A standard 12-lead ECG was recorded during forced ventricular pacing (VVI, 10 bpm above baseline ventricular rate) at a paper speed of 25 mm/s with chest and limb leads placed in standard positions. The ECG parameters derived from RVOT septal pacing and non-septal pacing were analyzed: (1) QRS duration, (2) presence of q-wave or negative QRS complex in lead I, (3) presence of QRS notching in the inferior leads, (4) QRS transition zone in the precordial leads. Transition zone was defined as the lead with R > (Q + S) amplitude.

Continuous variables are expressed as mean value ± standard deviation. Categorical variables were compared by Chi square test. Continuous variables showing normal distribution according to the Shapiro–Wilk test and histogram analysis were compared using Student’s t test between two groups. The Mann–Whitney U test was performed for comparing groups if variables did not follow the normal distribution. A two-tailed p value <0.05 was considered to be statistically significant. All statistical analyses were performed using SPSS 19.0 (SPSS, Inc., Chicago, IL, USA) for windows.

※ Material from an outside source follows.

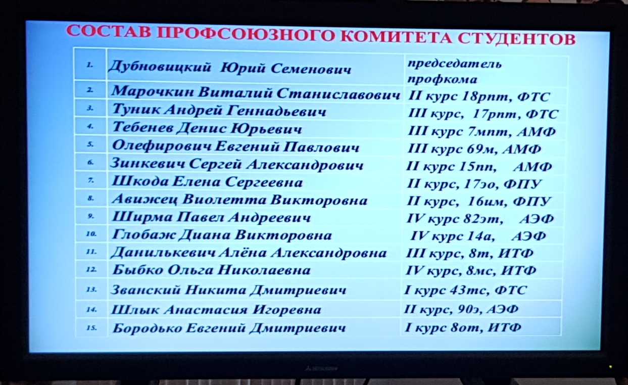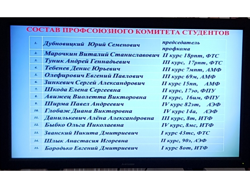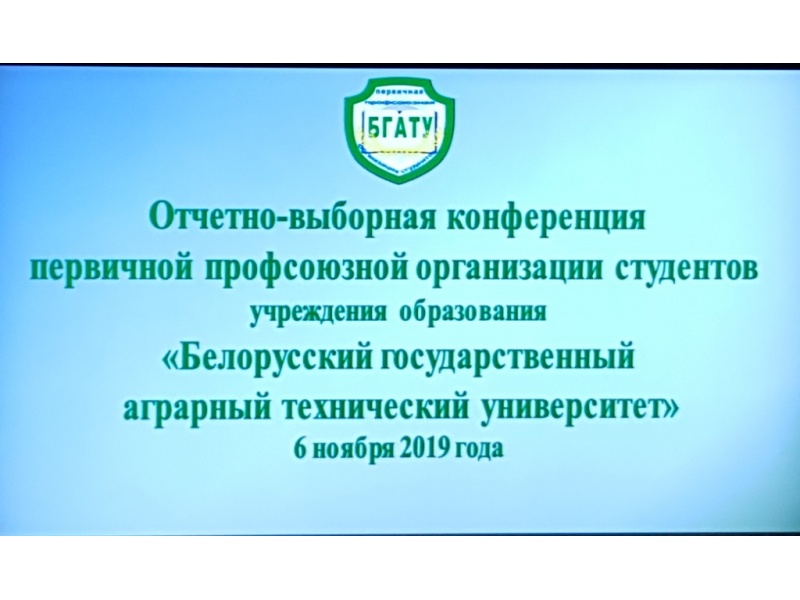 [node:title]06 ноября 2019 года в университете прошла отчетно-выборная конференция первичной профсоюзной организации студентов БГАТУ. Заслушан отчет о деятельности организации за период с 2014 по 2019 годы. Председателем профсоюзной организации студентов Белорусского государственного аграрного технического университета избран Дубновицкий Юрий Семенович. Поздравляем!

A total of 156 patients were enrolled in the study. Mean age of the entire patients was 59.2 ± 15.5 years. Patients were randomly assigned in a 1:1 ratio to two groups. We excluded 13 patients (6 LL group and 7 standard group patients) due to poor echocardiographic windows. Therefore, data from 143 patients (LL group: n = 72, standard group: n = 71) were finally analyzed.

Clinical variables in the LL and standard groups are shown in Table 1. There were no significant differences in age, gender, pacemaker type, pre-implantation QRS duration, comorbidities between the two groups. Furthermore, indications for pacemaker implantation were not statistically significant between the two groups. There were no significant differences in terms of preoperative echocardiographic data between the LL and standard groups.

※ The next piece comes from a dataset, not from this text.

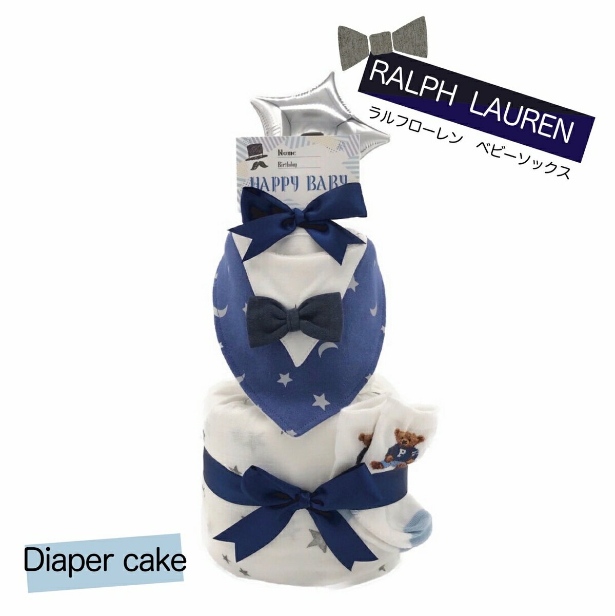 おむつケーキ ラルフローレン 出産祝い 男の子 おしゃれ 赤ちゃん スタイ セット ギフトセット ベビーソックス 出産 祝い プレゼント ギフト おむつ スワドル ソックス ブランド Ralph Lauren かっこいい 星柄スワドル お出かけスタイ

Lead placement was successful in all cases, with no procedural complications. All tested parameters were within the normal acceptable range for these leads. No significant differences were observed in R-wave amplitude, RV lead impedance, pacing threshold and fluoroscopy time. There was no statistically significant difference in paced QRS duration in patients between LL group compared with standard group (143.8 ± 20.9 vs. 147.2 ± 18.2 ms, p = 0.35) (Table 2).

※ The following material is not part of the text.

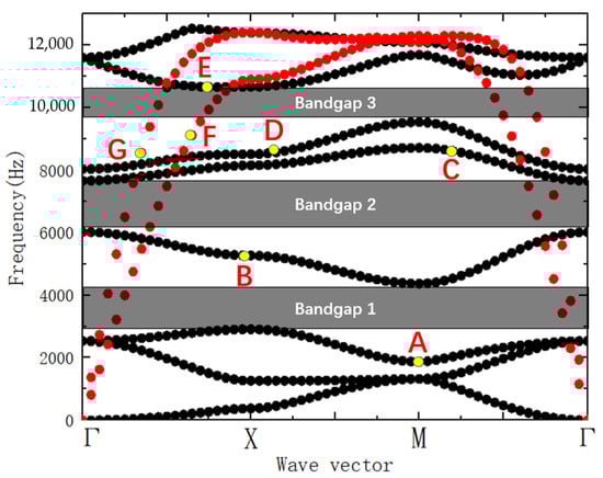 Three basic wave modes exist in the plate structures with finite thickness, namely, bending waves, longitudinal waves, and horizontal shear waves. These three modes can be expressed as A mode, S mode, and SH mode, respectively, and are related to their frequency order n (n ≥ 0), which can be written as An, Sn, and SHn (n = 0, 1, 2 …), respectively. In order to analyze the wave modes corresponding to the dispersion curves, the displacement components of the eigenmodes at A–G points in the dispersion curves in the x, y, and z directions are illustrated in Figure 5. Evident from the figure, the vibration amplitudes of the eigenmodes at the A, B, C, D, and E points in the z direction are greater than those in the other two directions (x and y). The displacement component of the eigenmode of point F in the y direction is much larger than that in the other directions, and therefore the wave mode corresponding to the frequency dispersion curve of point F is the horizontal shear wave. Similarly, the displacement component of the eigenmode of point G in the x direction is much larger than that in the other directions, so the wave mode corresponding to the frequency dispersion curve of point G is the longitudinal wave [31,32]. Since a thin plate structure produces large vibrations mainly in the vertical direction, the longitudinal wave in the plate that mainly vibrates in the x direction, and the horizontal shear wave that mainly vibrates in the y direction, are not the focus of this study; thus, the bending wave, which mainly vibrates in the z direction, is focused in this study. If other types of wave modes are hidden, it can be found that the proposed symmetric power-exponent prismatic phononic crystal has three complete band gaps of bending waves, and their frequency bands are shown in Table 2.

TTE of sufficient quality for confirmation of RVOT pacing sites was available in 72 patients in the LL group and 71 patients in the standard group. In the LL group, 60 patients (83 %) were achieved in RVOT septal position. Of the remaining 12 patients, the leads were anchored in the anterior wall in 4 (33 %) and in the free wall in the 8 (67 %). In the standard group, RVOT septal position was observed in 48 patients (68 %). Furthermore, 19 (83 %) patients were classified as being positioned on the anterior wall and 4 (17 %) as being on the free wall. There were significant differences in RVOT septal pacing between the LL and standard groups (p = 0.029). The position of RVOT anterior wall in LL group was significantly less than standard group (p = 0.001). No significant difference in RVOT free wall pacing was shown between 2 groups (p = 0.239) (Table 3).

The ECG characteristics are shown in Table 4. RVOT septal pacing was associated with a shorter QRS duration compared with RVOT non-septal pacing (p = 0.015). QRS vector in lead I was found more frequently negative voltage in septal pacing than in non-septal pacing (p < 0.001). There was no significant difference in the presence of notching of QRS complex in inferior leads or QRS transition zone.

We did not use cardiac computed tomography to confirm the lead position. It was not available in sufficient numbers of patients enrolled in the present study. We did not perform a clinical follow-up. A clinical follow-up, including echocardiography to evaluate LV function and dyssynchrony of groups with leads in different RVOT positions should be the next step.